WE: You talked about upgrading transmission traces. There are individuals who consider that the reply is to have extra domestically generated electrical energy across the nation to attempt to break down this type of rectangular grid we now have, as they put it. What do you consider that? And there may be new curiosity in mini-nuclear energy vegetation.
JG: All of that’s nice. I’m very supportive of microgrids, of those small modular nuclear reactors, of the flexibility to have distributed vitality assets, community-based photo voltaic hooked up to a microgrid. These options are very thrilling and could possibly be, and definitely must be, a part of the nationwide system. We must be incentivizing communities to consider that in order that they don’t seem to be so depending on, , poles with wires atop that have been constructed 70 years in the past.
So, sure, that’s undoubtedly part of the applied sciences, too, which can be being researched within the laboratories on the Division of Power.
WE: Your predecessor [during the Obama administration], Ernest Moniz, performed a component in reaching the Iran nuclear deal.

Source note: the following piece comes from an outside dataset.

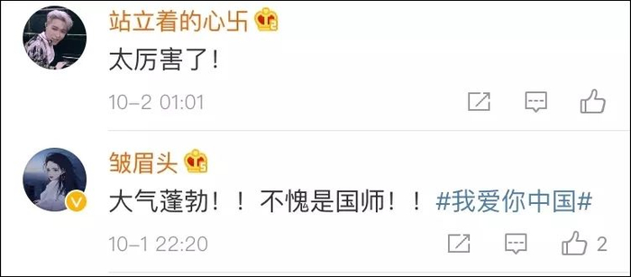 10月1日晚,北京天安门前的国庆70周年联欢活动上,七彩斑斓的焰火照亮夜空,拼出“70”“人民万岁”等形状,令人大呼过瘾。
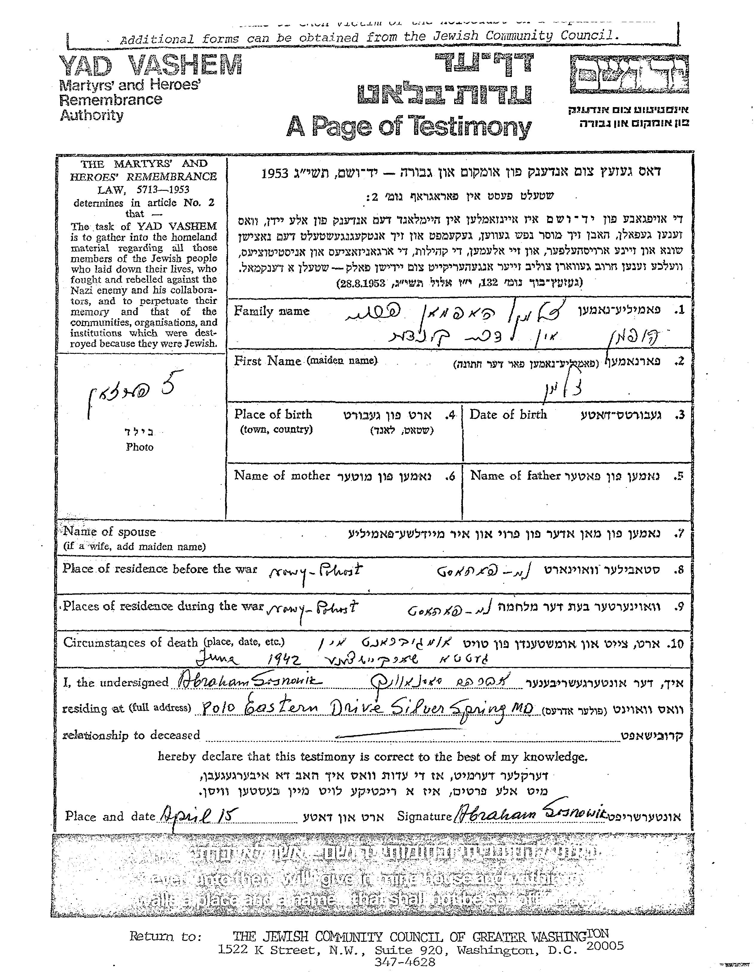 Zalman Hofman. Vor dem Zweiten Weltkrieg lebte er in Nowy Pohost, Polen. Während des Krieges war er in Nowy Pohost, Polen.

There’s a whole lot of curiosity in attempting to revive that deal. Would you be enjoying a component in that?
JG: Actually the Division of Power can be enjoying a task in that. And the consultants who’re nuclear scientists and physicists can be doing that. I’d clearly depend upon the experience of those that have that have.
WE: What’s going to occur to coal miners on this nation?
JG: Yeah, that is such an necessary query. In truth, we now have a gathering as we speak, the primary assembly of the duty power that Joe Biden created to handle communities which have been coal and fossil gasoline mills. We need to make it possible for the applied sciences like carbon seize and sequestration, geothermal, hydrogen, are deployed. And these communities are the proper place to exhibit how these applied sciences can be utilized to get to our aim of net-zero carbon emissions 2050. So we’re enthusiastic about actually bringing jobs to those communities.
You noticed, maybe, the Brookings Establishment report that mentioned that these fossil communities are maybe among the many most ripe for the deployment of wind and photo voltaic applied sciences as nicely. So there are a boatload of clean-energy applied sciences which can be constant, maybe, with the talents of those that have been doing mining, together with, the way in which, the mining of the important supplies which can be vital to construct batteries.
The entire aim of this job power, in addition to the give attention to environmental justice, is to make it possible for 40 p.c of the advantages of clean-energy funding go to communities, like in West Virginia, somewhere else which have been left behind or have been disproportionately negatively affected air pollution.
WE: And may you persuade these communities to provide it a attempt?
JG: [Senator] Joe Manchin [D-W.Va.] is a superb instance of this. As he’ll say, he doesn’t care in regards to the coal firms. He cares in regards to the coal miners. And so what do individuals want? And if they will see that jobs are coming in, these clean-energy sectors, that they’ve a future …
It’s not regulation that’s inflicting coal to decrease when it comes to its market share. It’s the world that’s saying: “All of us need to get to net-zero carbon emissions 2050.” So what are the applied sciences that may get us there? And the individuals who characterize these states are very bullish on know-how options that may be taken to scale inside their communities. And so are we.